HOW TO COMPLETE THIS TASK>
What you return must be the lines from the first one below through the one containing "Original painting of", exactly and with pictures excluded.

(Entries taken from a collection)
-------
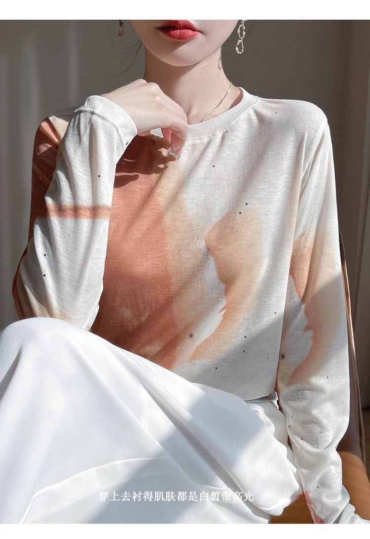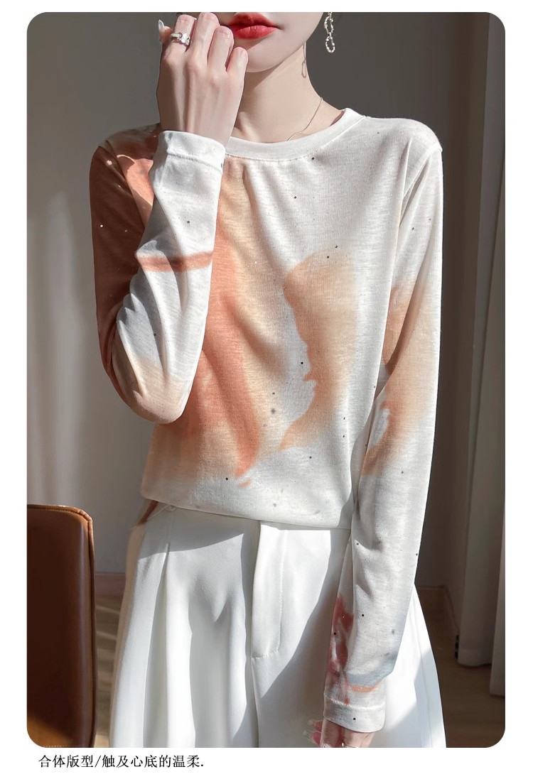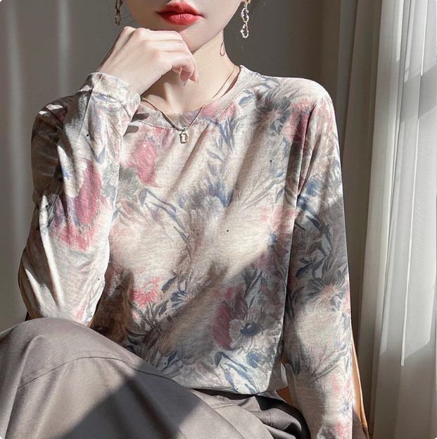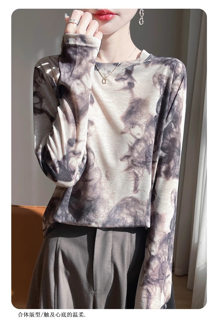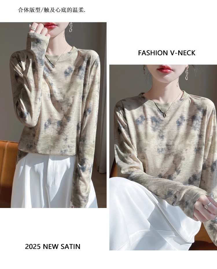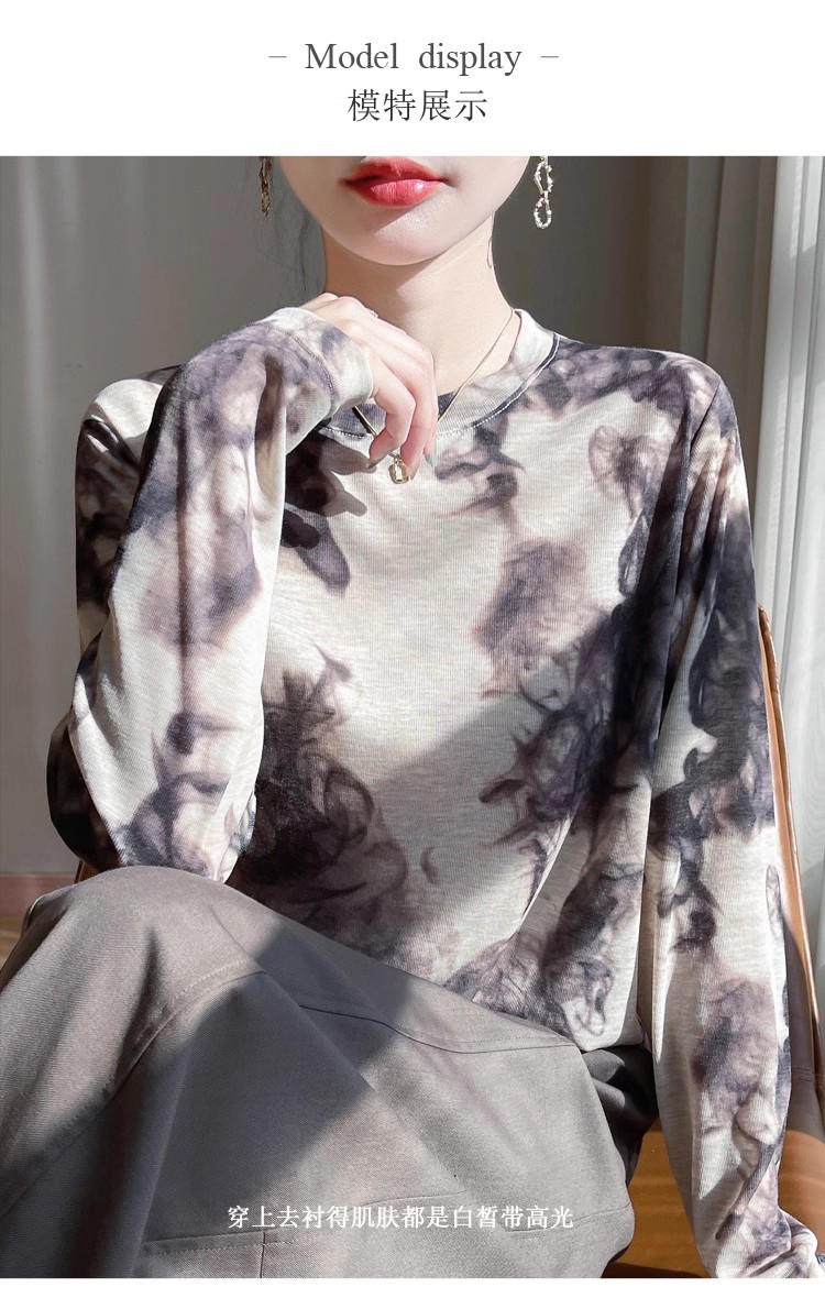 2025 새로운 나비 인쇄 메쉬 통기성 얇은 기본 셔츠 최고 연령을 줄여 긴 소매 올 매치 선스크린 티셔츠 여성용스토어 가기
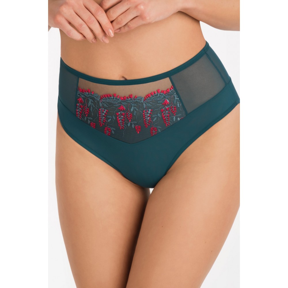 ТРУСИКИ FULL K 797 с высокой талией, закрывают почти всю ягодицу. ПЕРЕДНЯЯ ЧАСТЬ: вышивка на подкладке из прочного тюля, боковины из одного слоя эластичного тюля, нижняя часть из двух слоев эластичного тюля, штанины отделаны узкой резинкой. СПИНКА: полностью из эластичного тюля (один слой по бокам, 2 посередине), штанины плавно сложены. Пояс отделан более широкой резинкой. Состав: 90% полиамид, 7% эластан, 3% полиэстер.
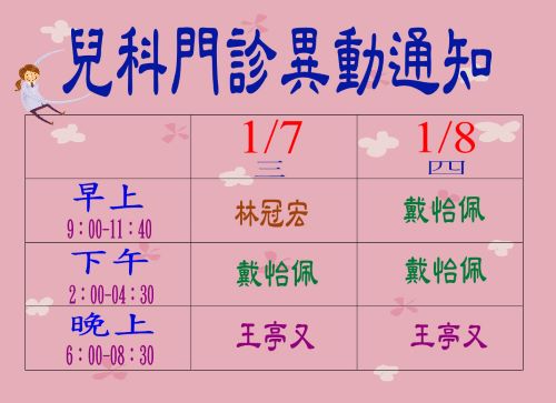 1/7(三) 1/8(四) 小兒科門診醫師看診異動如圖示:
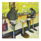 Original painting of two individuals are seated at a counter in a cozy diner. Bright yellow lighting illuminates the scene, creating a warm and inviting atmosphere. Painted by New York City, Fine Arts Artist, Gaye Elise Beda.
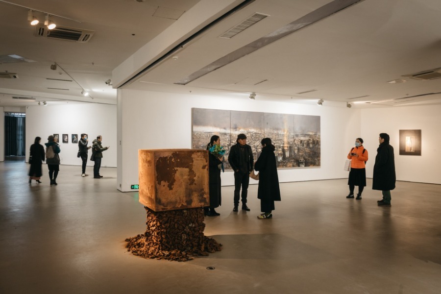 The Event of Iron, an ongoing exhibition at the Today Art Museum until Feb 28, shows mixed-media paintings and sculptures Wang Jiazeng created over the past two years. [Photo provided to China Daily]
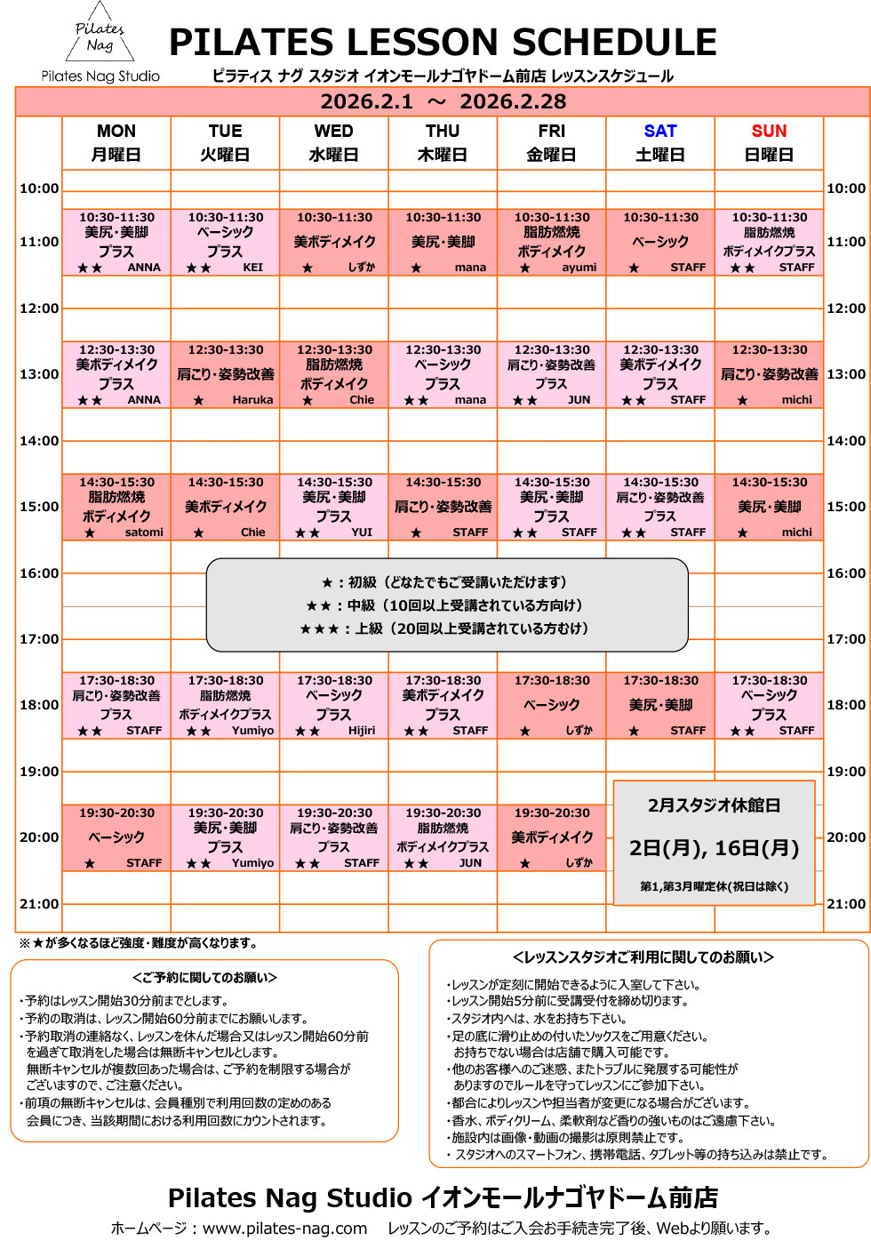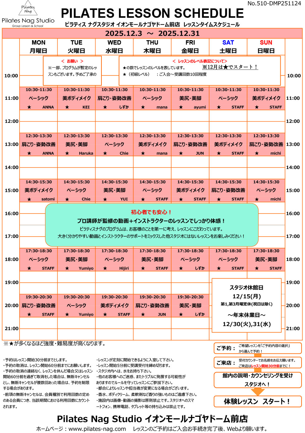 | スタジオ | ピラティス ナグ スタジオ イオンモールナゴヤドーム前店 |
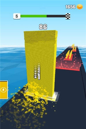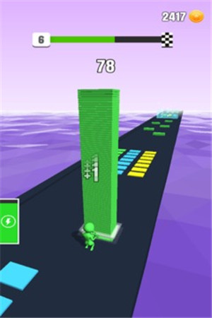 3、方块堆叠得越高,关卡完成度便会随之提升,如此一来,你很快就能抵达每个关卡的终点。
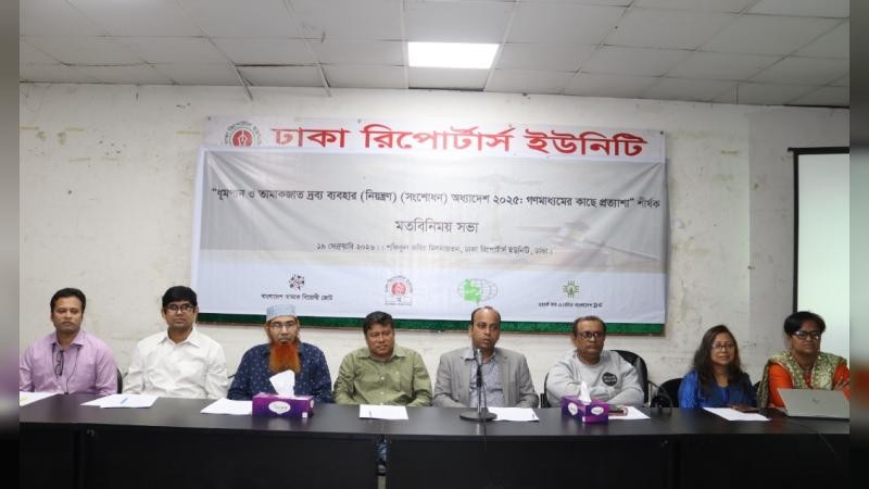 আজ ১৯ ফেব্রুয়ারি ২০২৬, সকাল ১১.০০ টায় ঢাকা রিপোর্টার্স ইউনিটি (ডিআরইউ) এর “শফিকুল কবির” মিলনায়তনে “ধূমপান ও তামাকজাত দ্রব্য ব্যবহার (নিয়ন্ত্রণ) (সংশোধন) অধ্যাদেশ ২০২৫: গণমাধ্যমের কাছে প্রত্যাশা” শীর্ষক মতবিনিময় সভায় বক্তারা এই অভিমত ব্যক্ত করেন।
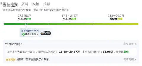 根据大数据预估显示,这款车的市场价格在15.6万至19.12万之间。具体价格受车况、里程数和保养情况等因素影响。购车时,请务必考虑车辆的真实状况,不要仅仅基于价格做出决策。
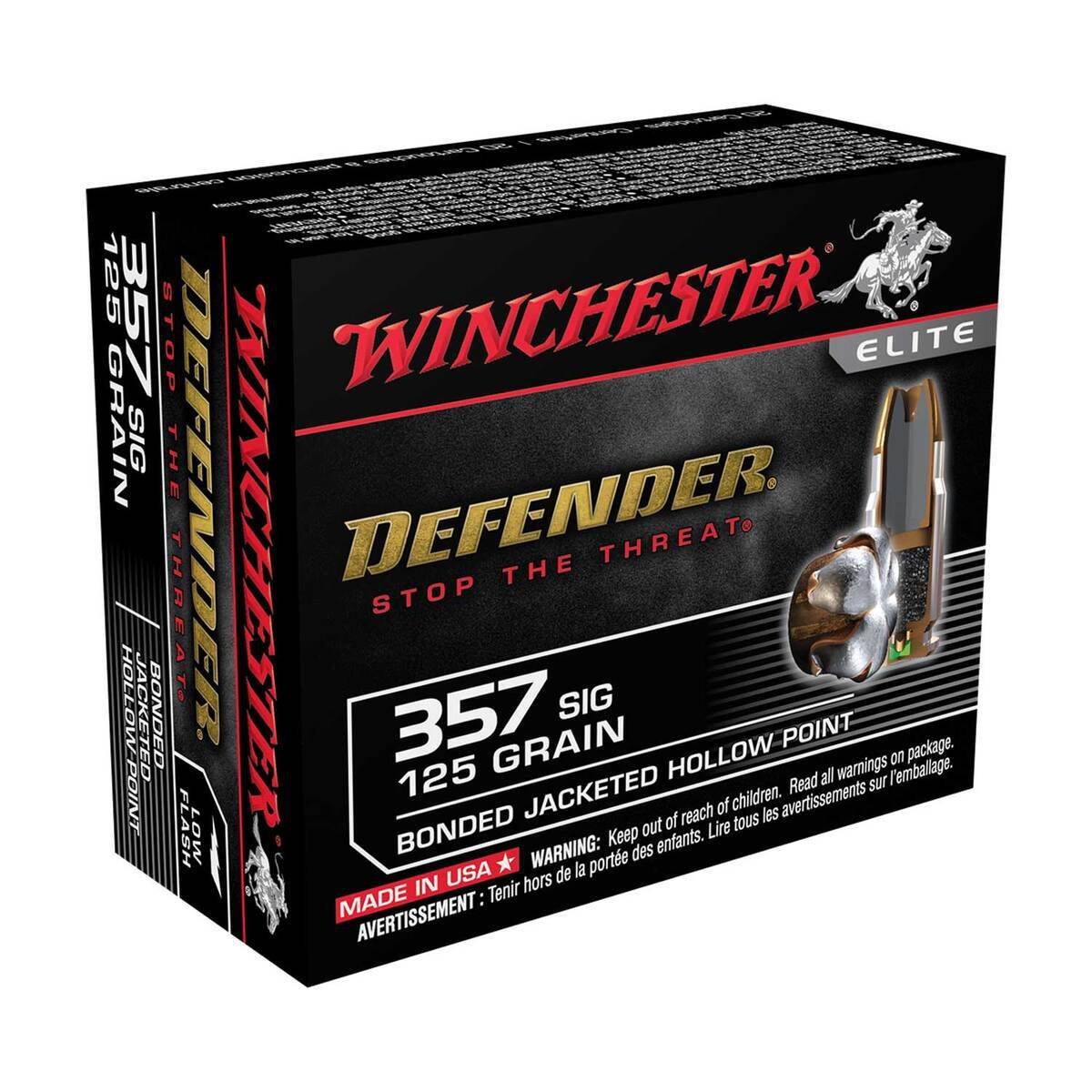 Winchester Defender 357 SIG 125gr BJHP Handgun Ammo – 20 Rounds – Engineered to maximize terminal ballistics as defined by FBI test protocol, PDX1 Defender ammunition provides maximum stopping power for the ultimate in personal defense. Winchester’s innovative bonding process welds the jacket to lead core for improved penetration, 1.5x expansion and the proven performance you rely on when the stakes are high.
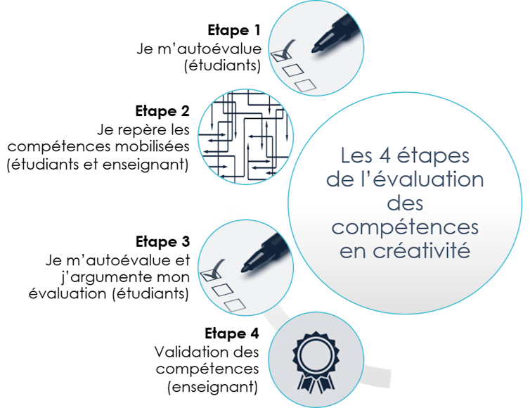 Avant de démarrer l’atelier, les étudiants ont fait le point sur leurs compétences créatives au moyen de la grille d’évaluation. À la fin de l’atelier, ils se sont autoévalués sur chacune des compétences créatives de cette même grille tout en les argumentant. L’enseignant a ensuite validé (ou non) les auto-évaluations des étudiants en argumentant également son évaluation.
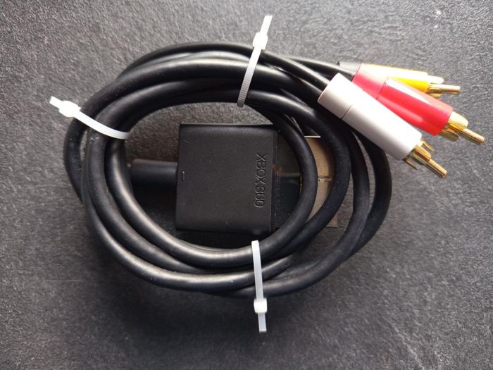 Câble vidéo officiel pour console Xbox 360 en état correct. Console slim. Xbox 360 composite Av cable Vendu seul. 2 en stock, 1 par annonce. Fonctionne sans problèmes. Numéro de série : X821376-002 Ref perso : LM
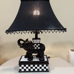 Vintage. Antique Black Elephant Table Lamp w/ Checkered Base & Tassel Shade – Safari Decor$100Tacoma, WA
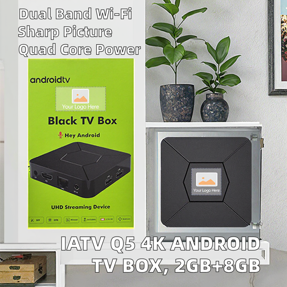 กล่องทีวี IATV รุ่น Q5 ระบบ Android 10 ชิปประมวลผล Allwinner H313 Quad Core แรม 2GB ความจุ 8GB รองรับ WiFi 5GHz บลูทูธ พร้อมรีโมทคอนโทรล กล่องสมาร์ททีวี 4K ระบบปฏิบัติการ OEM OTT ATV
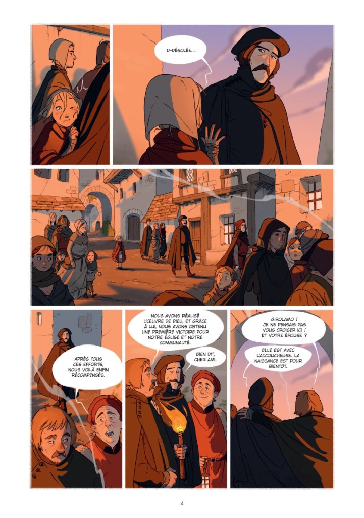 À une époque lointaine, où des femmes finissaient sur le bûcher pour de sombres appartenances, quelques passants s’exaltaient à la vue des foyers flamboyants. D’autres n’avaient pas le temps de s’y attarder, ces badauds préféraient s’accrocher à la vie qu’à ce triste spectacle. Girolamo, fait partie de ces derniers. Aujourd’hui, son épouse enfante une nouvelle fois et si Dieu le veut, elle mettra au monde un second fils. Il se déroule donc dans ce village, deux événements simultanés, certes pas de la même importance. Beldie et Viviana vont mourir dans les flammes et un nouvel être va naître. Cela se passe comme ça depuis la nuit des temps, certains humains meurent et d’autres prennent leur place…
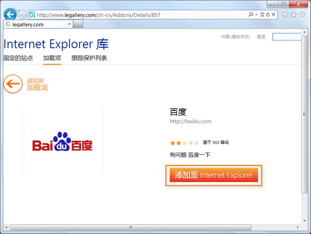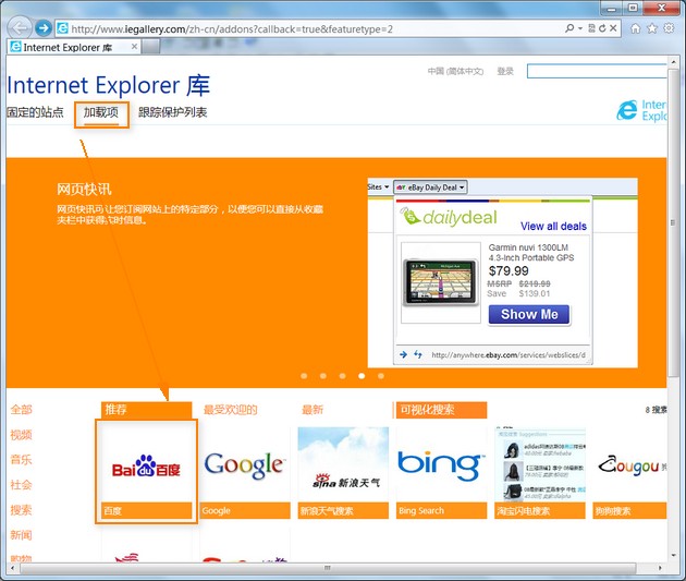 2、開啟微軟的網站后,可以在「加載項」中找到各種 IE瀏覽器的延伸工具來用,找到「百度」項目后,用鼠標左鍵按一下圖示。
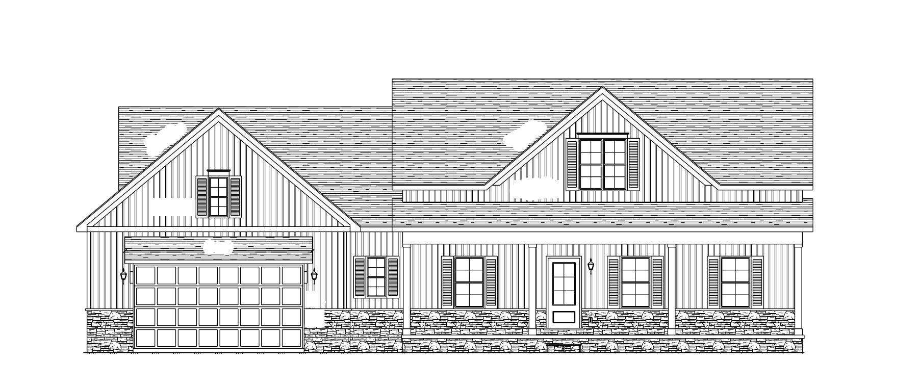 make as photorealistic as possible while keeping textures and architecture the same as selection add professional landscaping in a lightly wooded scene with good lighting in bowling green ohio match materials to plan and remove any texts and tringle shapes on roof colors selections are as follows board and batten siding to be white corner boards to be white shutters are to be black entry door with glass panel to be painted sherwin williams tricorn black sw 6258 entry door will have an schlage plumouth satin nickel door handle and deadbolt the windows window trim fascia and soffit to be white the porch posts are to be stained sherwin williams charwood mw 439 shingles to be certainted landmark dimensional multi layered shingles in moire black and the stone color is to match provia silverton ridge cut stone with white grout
-------
YOUR RESPONSE>
 2025 새로운 나비 인쇄 메쉬 통기성 얇은 기본 셔츠 최고 연령을 줄여 긴 소매 올 매치 선스크린 티셔츠 여성용스토어 가기
 ТРУСИКИ FULL K 797 с высокой талией, закрывают почти всю ягодицу. ПЕРЕДНЯЯ ЧАСТЬ: вышивка на подкладке из прочного тюля, боковины из одного слоя эластичного тюля, нижняя часть из двух слоев эластичного тюля, штанины отделаны узкой резинкой. СПИНКА: полностью из эластичного тюля (один слой по бокам, 2 посередине), штанины плавно сложены. Пояс отделан более широкой резинкой. Состав: 90% полиамид, 7% эластан, 3% полиэстер.
 1/7(三) 1/8(四) 小兒科門診醫師看診異動如圖示:
 Original painting of two individuals are seated at a counter in a cozy diner. Bright yellow lighting illuminates the scene, creating a warm and inviting atmosphere. Painted by New York City, Fine Arts Artist, Gaye Elise Beda.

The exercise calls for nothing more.